Kiriakou did not explain how he knew who approved the interrogation technique but said such approval comes from top officials. He did not witness or participate in the waterboarding, he said.
"This isn't something done willy nilly. This isn't something where an agency officer just wakes up in the morning and decides he's going to carry out an enhanced technique on a prisoner," he said Tuesday in a round of television news show appearances. "This was a policy made at the White House, with concurrence from the National Security Council and Justice Department."
At the White House, press secretary Dana Perino said the CIA interrogation program approved by the president is safe, tough, effective and legal.
"It's no secret that the president approved a lawful program in order to interrogate hardened terrorists," Perino said. "We do not torture. We also know that this program has saved lives by disrupting terrorist attacks."

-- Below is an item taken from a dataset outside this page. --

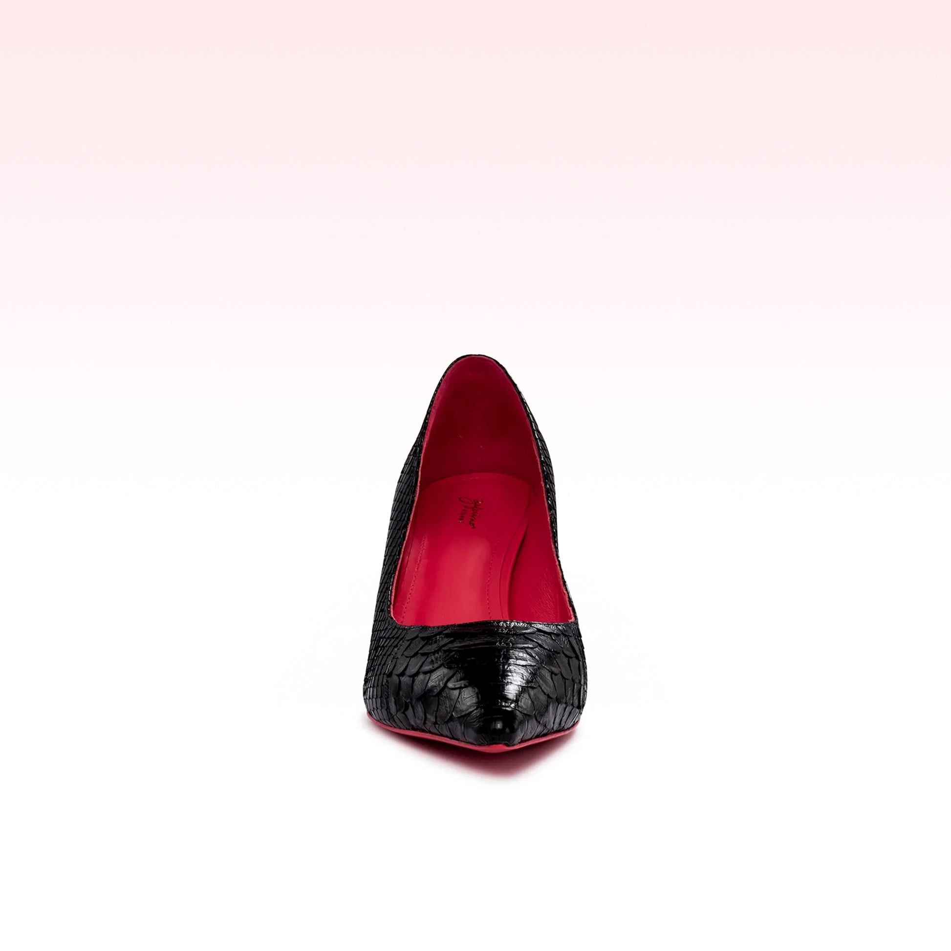 A Ninna é um ícone de feminilidade e traduz por meio do seu design todo o poder de vestir um Zeferino. Com seu elegante bico pontiagudo, o acabamento deste modelo é confeccionado em couro python sustentado por um salto de 7 cm, perfeito para um verão sofisticado e cheio de conforto.

Abu Zubaydah, the first high-value detainee taken by the CIA in 2002, is now being held with other detainees at the U.S. base at Guantanamo Bay, Cuba. He told his interrogators about alleged Sept. 11 accomplice Ramzi Binalshibh, and the two men's confessions also led to the capture of Khalid Sheikh Mohammed, whom the U.S. government said was the mastermind behind the Sept. 11 terrorist attacks.

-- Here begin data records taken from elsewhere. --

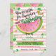 Summer fun and watermelon! Pretty and colourful summer party invitation. Features a juicy watermelon slice with a bite with vines and seeds. Faux gold foil accents. Great for a summmer pool party, bbq, graduation, or birthday celebration.
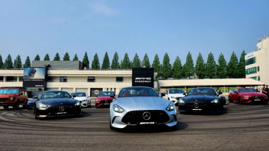 용인/아시아투데이 강태윤 기자·이유경 인턴 = '메르세데스-AMG GT 55 4 매틱+'를 선두로 고성능차 10대가 심장을 쿵쿵 때리는 강렬한 비트의 음악과 함께 등장했다. 빠른 속도로 넓은 반경의 회전을 보여주다 순식간에 직선으로 교차해 지나갔다. 잠시 후 반경을 좁히며 화이트·레드·그린 등 형형색색의 차량이 위풍당당하게 도열하자 현장에서 박수가 쏟아졌다.
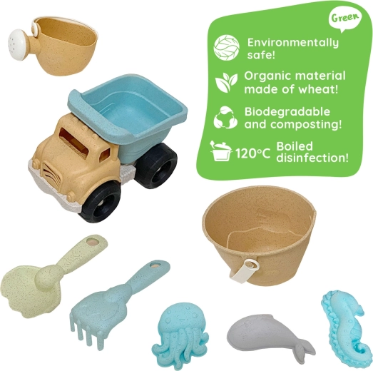 WOOPIE GREEN smilšu komplekts sniedz bērniem stundām ilgu radošu spēli un vecākiem pārliecību par saudzīgu izvēli. Izstrādājums ir izgatavots no organiska, videi draudzīga materiāla uz kviešu šķiedru bāzes, kas dabiski noārdās augsnē un ir kompostējams. Pasteļkrāsas un ergonomiskās formas veicina patīkamu un drošu rotaļu.

As to the CIA videotapes, President Bush said he didn't know about the tapes or their destruction until last week. "My first recollection of whether the tapes existed or whether they were destroyed was when Michael Hayden briefed me," Bush said in an interview Tuesday with ABC News. "There's a preliminary inquiry going on, and I think you'll find that a lot more data, facts will be coming out," the president said. "That's good. It will be interesting to know what the true facts are."
Waterboarding is an interrogation technique that involves strapping down a prisoner, covering his mouth with plastic or cloth and pouring water over his face. The prisoner quickly begins to inhale water, causing the sensation of drowning.
The CIA is known to have waterboarded three prisoners -- Abu Zubaydah, Khalid Sheik Muhammed, and Abd al-Rahim al-Nashiri, whom the U.S. government says coordinated the 2002 attack on the USS Cole. The CIA has not used the technique since 2003, according to a government official familiar with the program. Hayden prohibited waterboarding in 2006. The U.S. military outlawed it the same year.
Hayden told CIA employees last week that the CIA taped the interrogations of two alleged terrorists in 2002. He said the harsh questioning was carried out only after being "reviewed and approved by the Department of Justice and by other elements of the executive branch." Hayden said Congress was notified in 2003 both of the tapes' existence and the agency's intent to destroy them.
The CIA destroyed the tapes in November of 2005. Exactly when Congress was notified of that and in what detail is in dispute.
The Justice Department and CIA's independent internal watchdog have begun a preliminary inquiry into the destruction of the tapes. The review will determine whether a full investigation is warranted, Attorney General Michael Mukasey said.
Assistant Attorney General Kenneth Wainstein, who is heading the inquiry, "is going to go where the facts lead him," Mukasey said at a news conference. "If the law leads him someplace we are going to go there too."
Mukasey told reporters he still has not determined whether waterboarding is torture, an issue that jeopardized his confirmation by the Senate last month. He said he is reviewing the Bush administration's legal opinions that underpin the CIA interrogation and detention program to determine if they are sound, and if so, whether the CIA's interrogation program conforms with them.
A former head of the military's intelligence agency said Tuesday that waterboarding is torture.
"The technique of having someone think he's drowning, his life is in danger? In my book that's torture," said retired Army Lt. Gen. Harry Soyster, who headed the Defense Intelligence Agency from 1988 to September 1991. "You are using a technique that can kill someone."